There is a skin disease that leaves you looking like you have fish scales. It’s called ichthyosis vulgaris, also referred to as fish scale disease because of its appearance. The condition does not actually cause scales to develop on the skin. What happens is excessive dead skin cells tend to accumulate in a pattern that kind of resembles the scales of a fish.
Although it may be acquired, most cases of ichthyosis vulgaris are actually inherited. In fact, this condition is one of the most common genetic disorders of the skin. Majority of the cases are mild and develop only on certain areas of the individual’s body. However, there are ichthyosis vulgaris cases wherein it’s so severe that the fish scale formations can be observed on larger areas of the body such as the back, abdomen, legs and arms.
The characteristic symptom of the condition may already be present at birth, although most of the time it begins to show up during the early childhood of the person suffering from it. There are also instances wherein ichthyosis vulgaris is undiagnosed because it is mistaken for excessively dry skin, especially in very mild cases. It is possible for the symptom to disappear as the affected child grows, but may show up once again during adulthood.

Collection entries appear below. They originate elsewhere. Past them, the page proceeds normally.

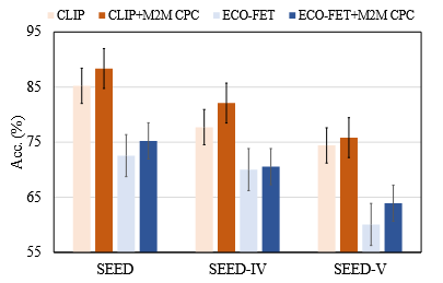 圖4 將 M2M CPC 模塊添加到 CLIP 和 ECO-FET 模型后,它們在 SEED、SEED-IV 和 SEED-V 數(shù)據(jù)集上的跨模態(tài)任務(wù) (EEG → EYE) 準(zhǔn)確率。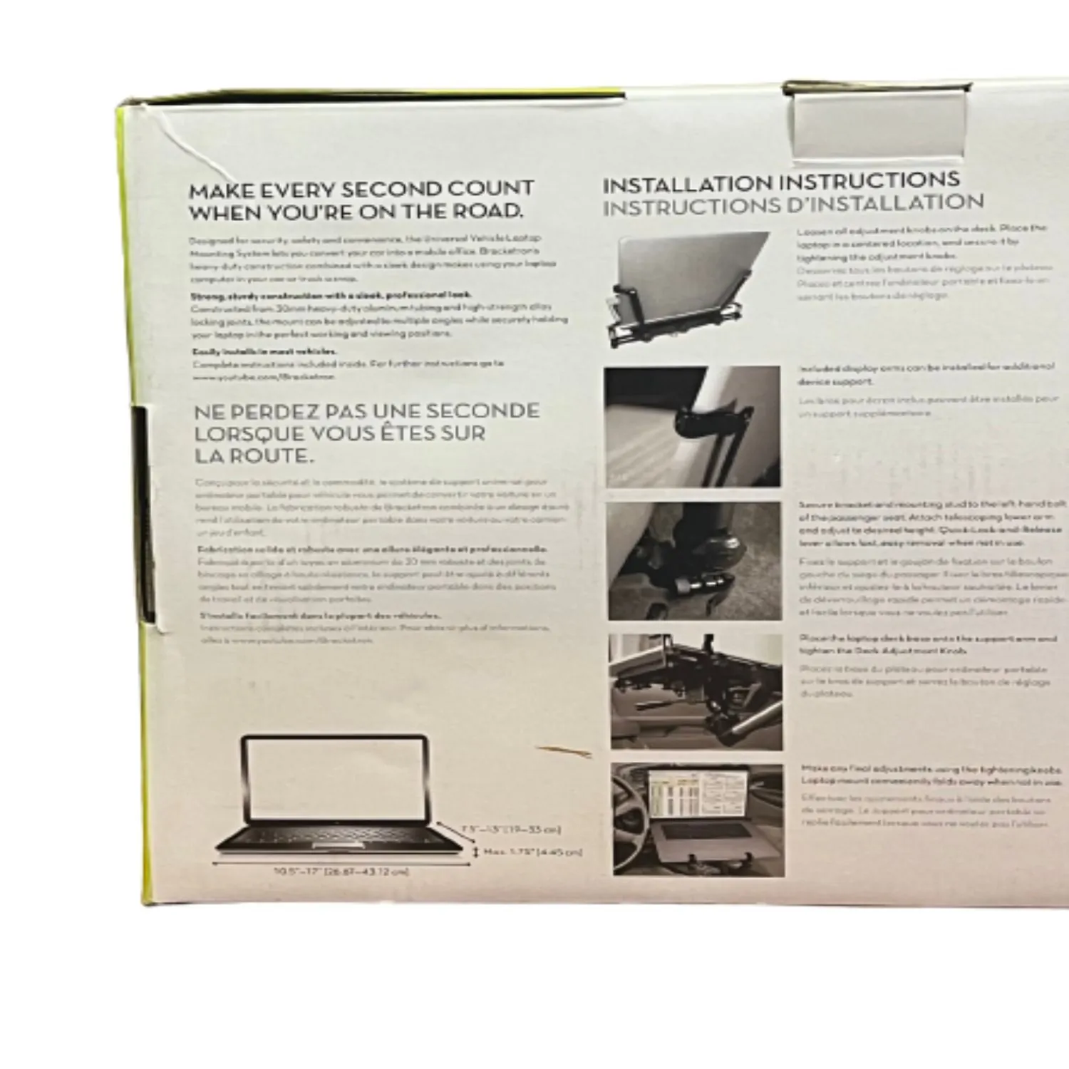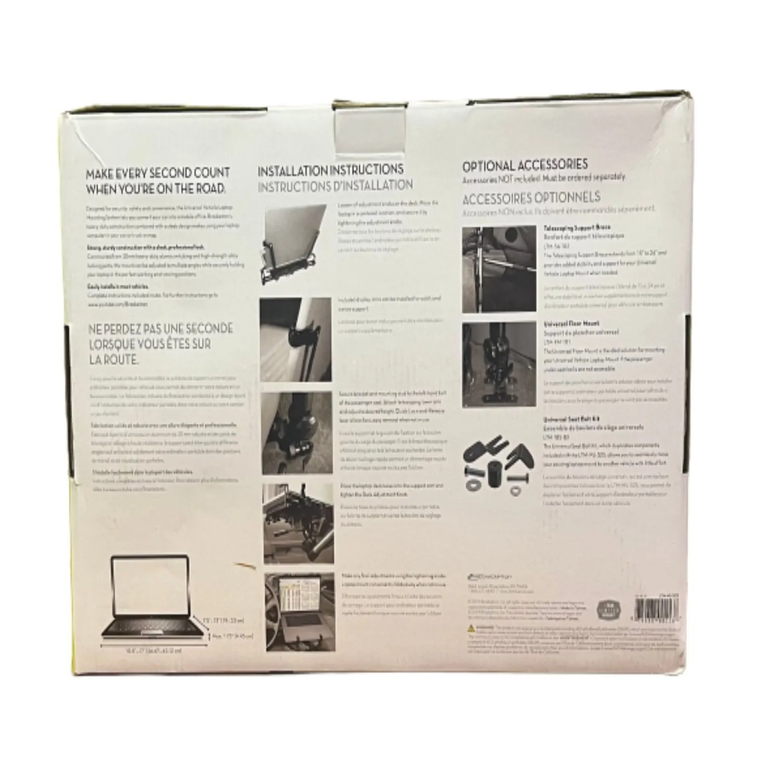 UNIVERSAL LAPTOP HOLDER: The Bracketron Universal Vehicle Laptop Mount is designed for anyone who needs a sturdy holder for laptops in their car, truck, or van. The mount’s quick installation and low vibration gives you steady computing on the go. Mount dimensions are 16" x 12" x 27".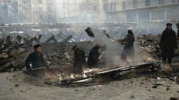 Осенью 1941 года москвичи активно участвовали в строительстве баррикад, готовясь защитить столицу от наступления немецких войск. В условиях надвигающейся угрозы обычные люди — рабочие, студенты, женщины и пожилые — взялись за лопаты, кирпичи и деревянные брусья, превращая городские улицы в оборонительные укрепления.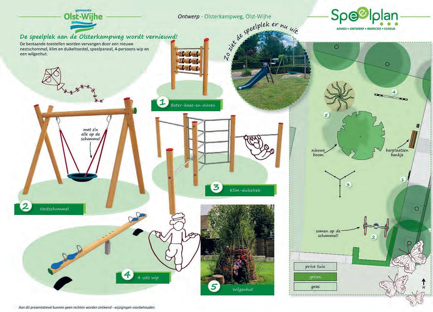 De nieuwe speelelementen zijn besteld en worden naar verwachting dit jaar nog geplaatst. In het nieuwe jaar bekijkt de gemeente welke andere speelplekken vernieuwd kunnen worden in de gemeente Olst-Wijhe.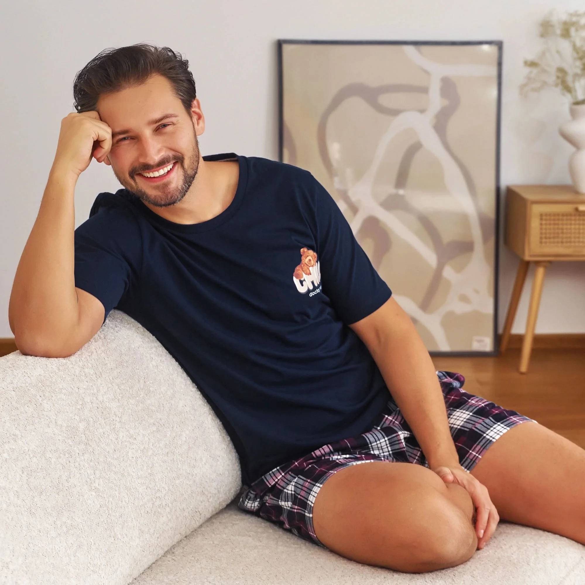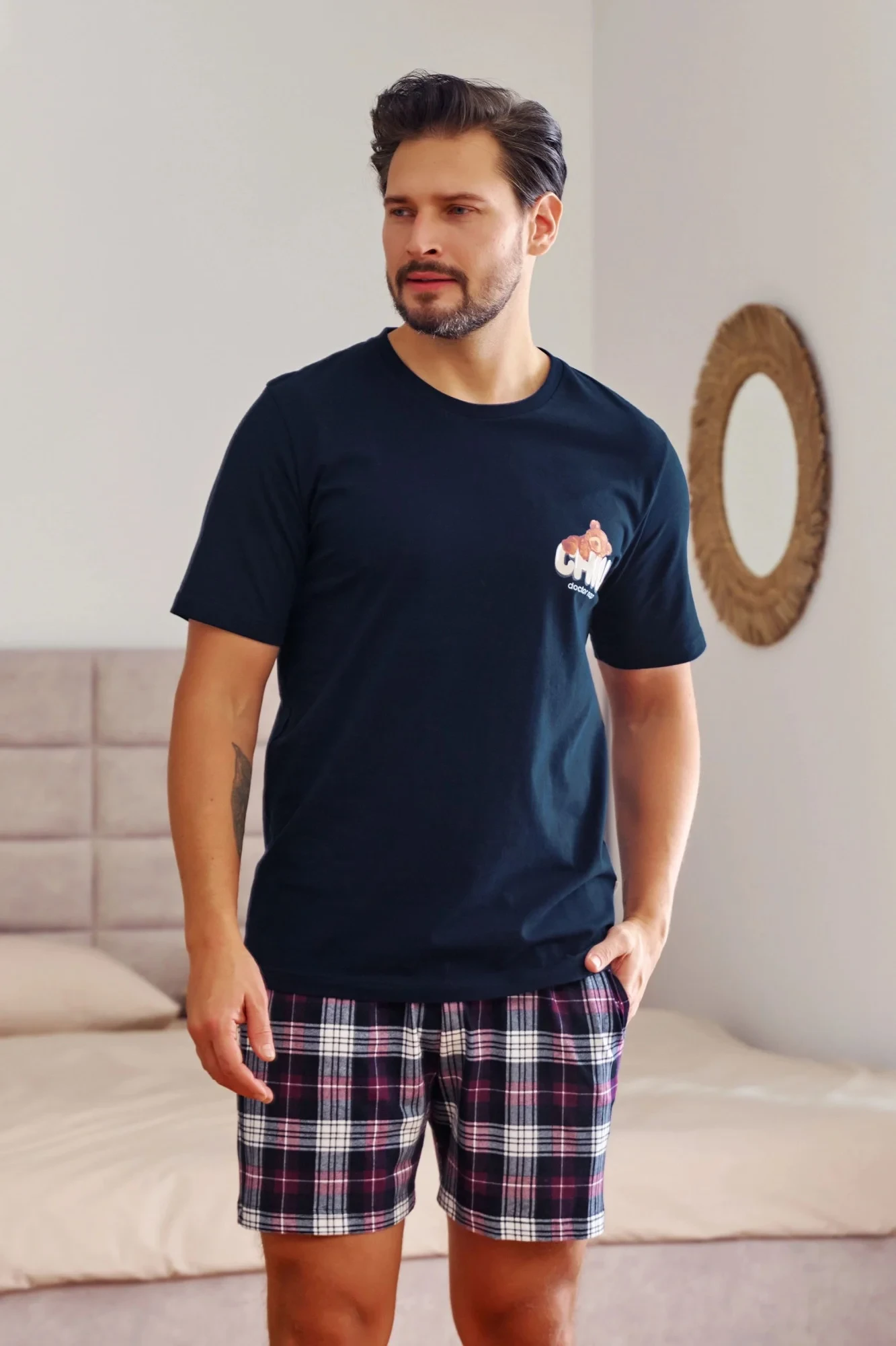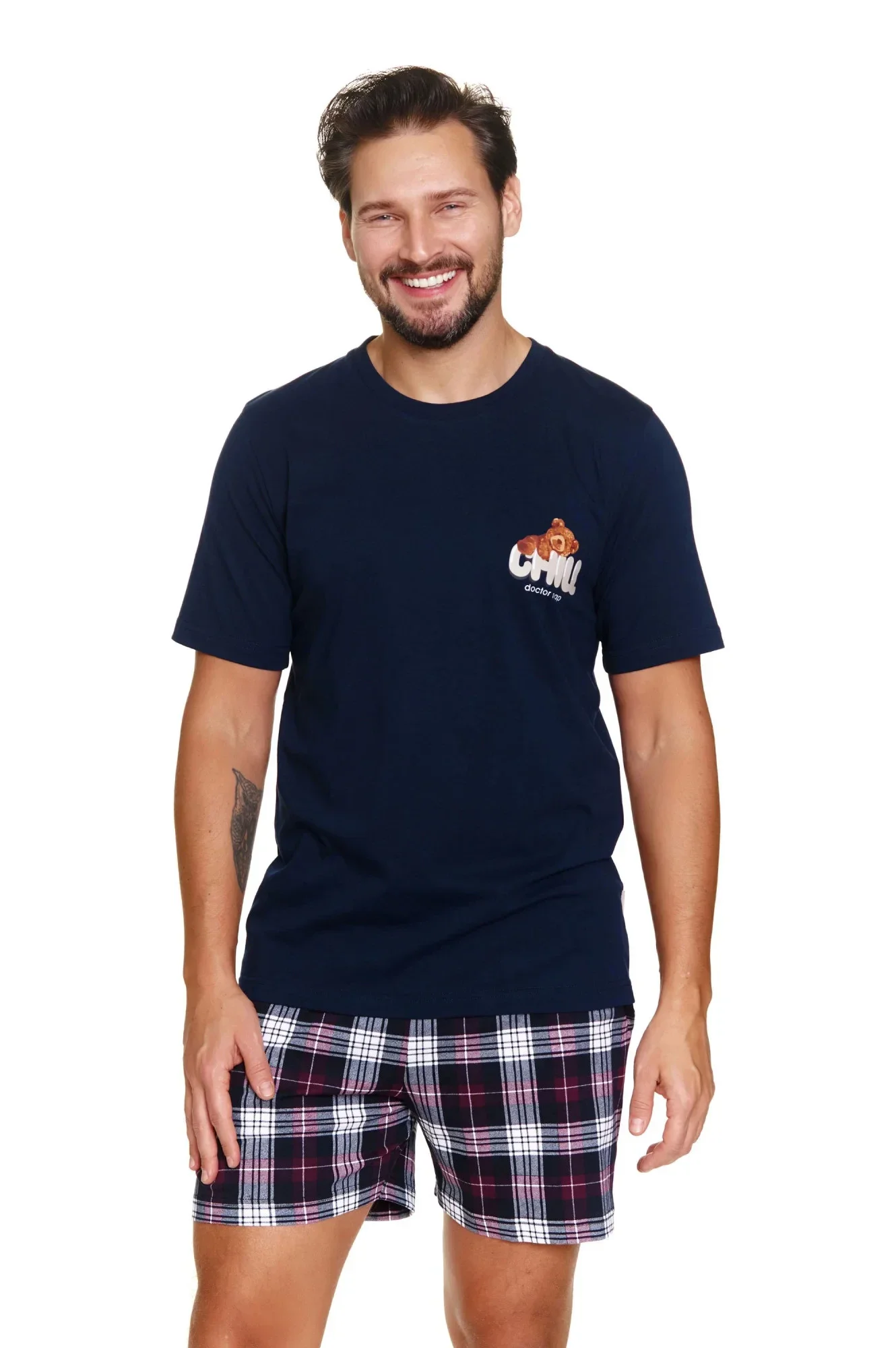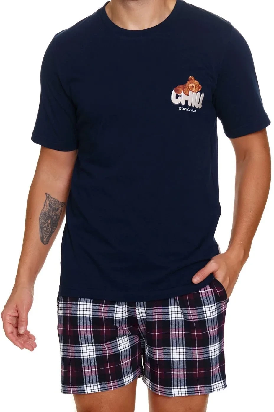 Pánské pyžamo 7201 blue Doctornap - z vysoce jakostní bavlny - tmavě modré tričko s krátkými rukávy - ozdobené potiskem na přední straně - kárované šortky s kapsami na bocích - certifikát OEKO-TEX Standard 100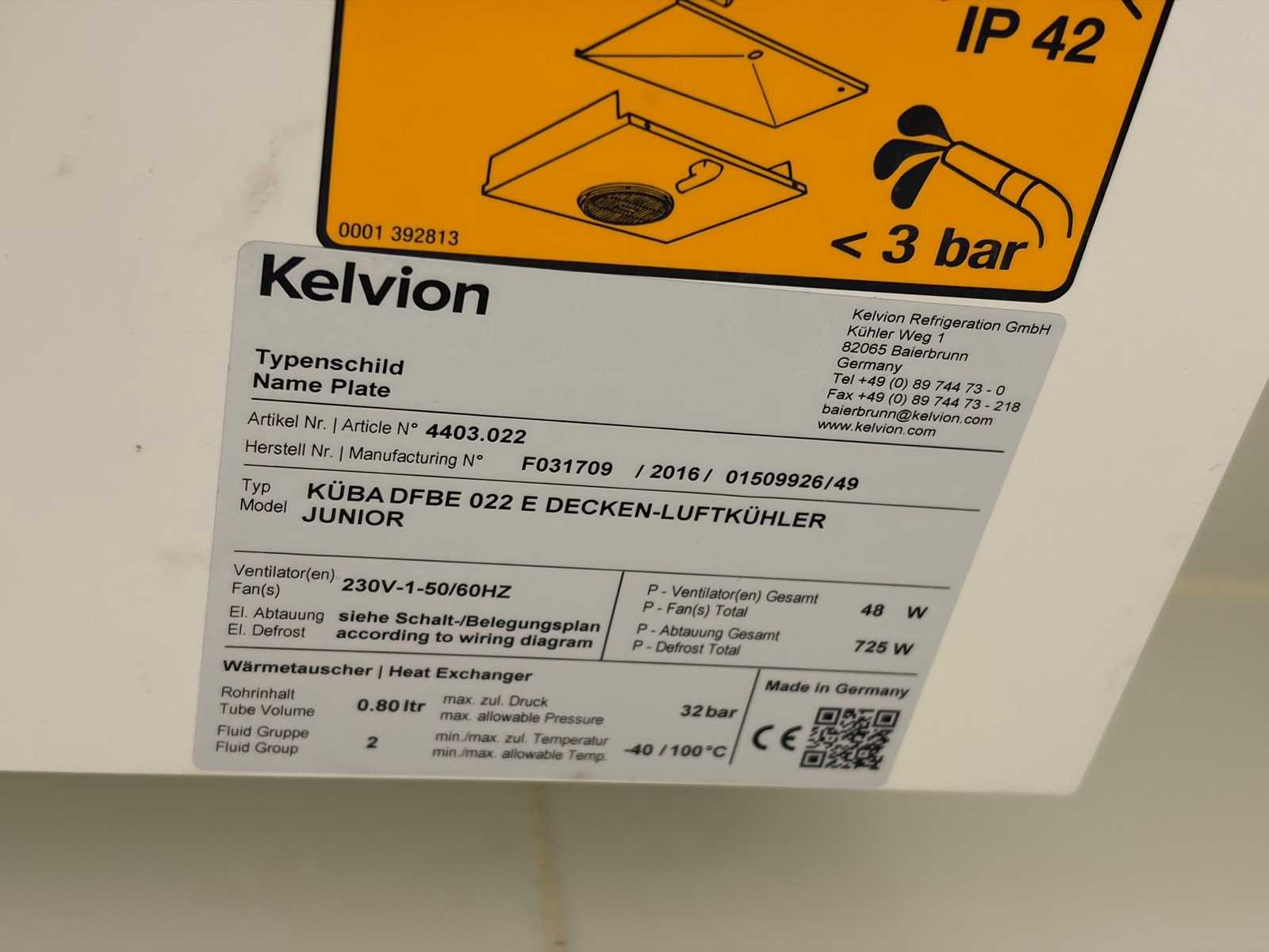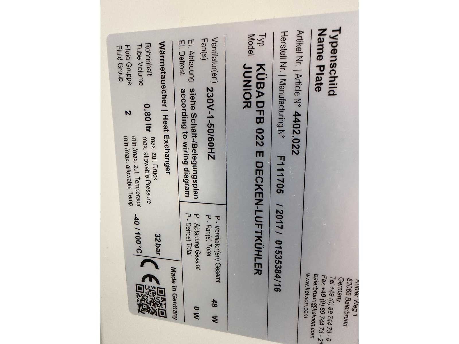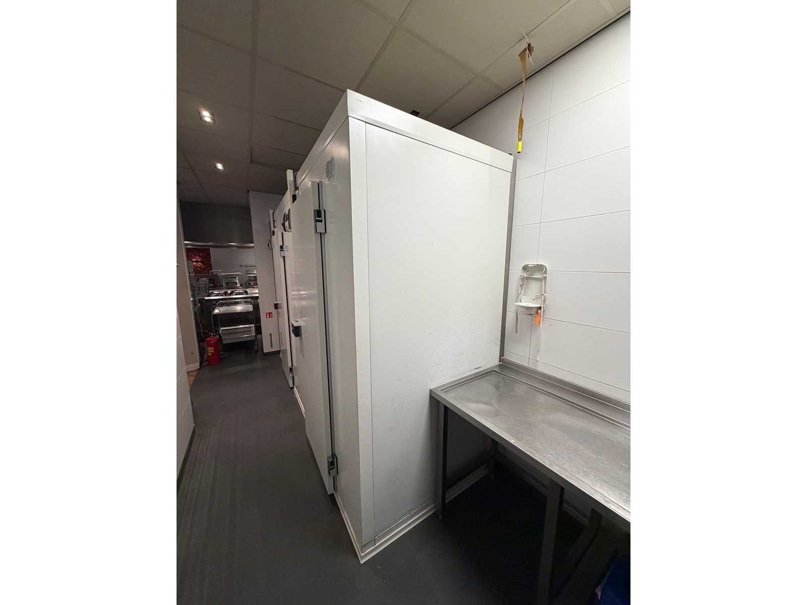Voorzien van Kelvion Küba DFB 022 Junior verdamper (koelcel) en Kelvion Küba DFBE 022 Junior verdamper (Vriescel). Afmeting Koelcel ca. L240 x B120 x H240 cm en afmeting vriescel ca. L140 x B120 x H240 cm. Inclusief Cambro legbordstelling. Merk: Küba Bouwjaar: 2017 Totale afmeting L: 3800mm Totale afmeting Breedte: 1200mm Totale afmeting Hoogte: 2400mm

As earlier mentioned, ichthyosis vulgaris is usually inherited. There is no need for both parents to have the mutated genes for their offspring to develop the skin condition. A person may suffer from it even though only one parent is a carrier of the said gene. However, it is possible for anyone to have the condition even without the mutated gene because it may be acquired as well. Ichthyosis vulgaris, for instance, is associated with a handful of conditions. Some of them include thyroid disease, chronic renal failure and cancer.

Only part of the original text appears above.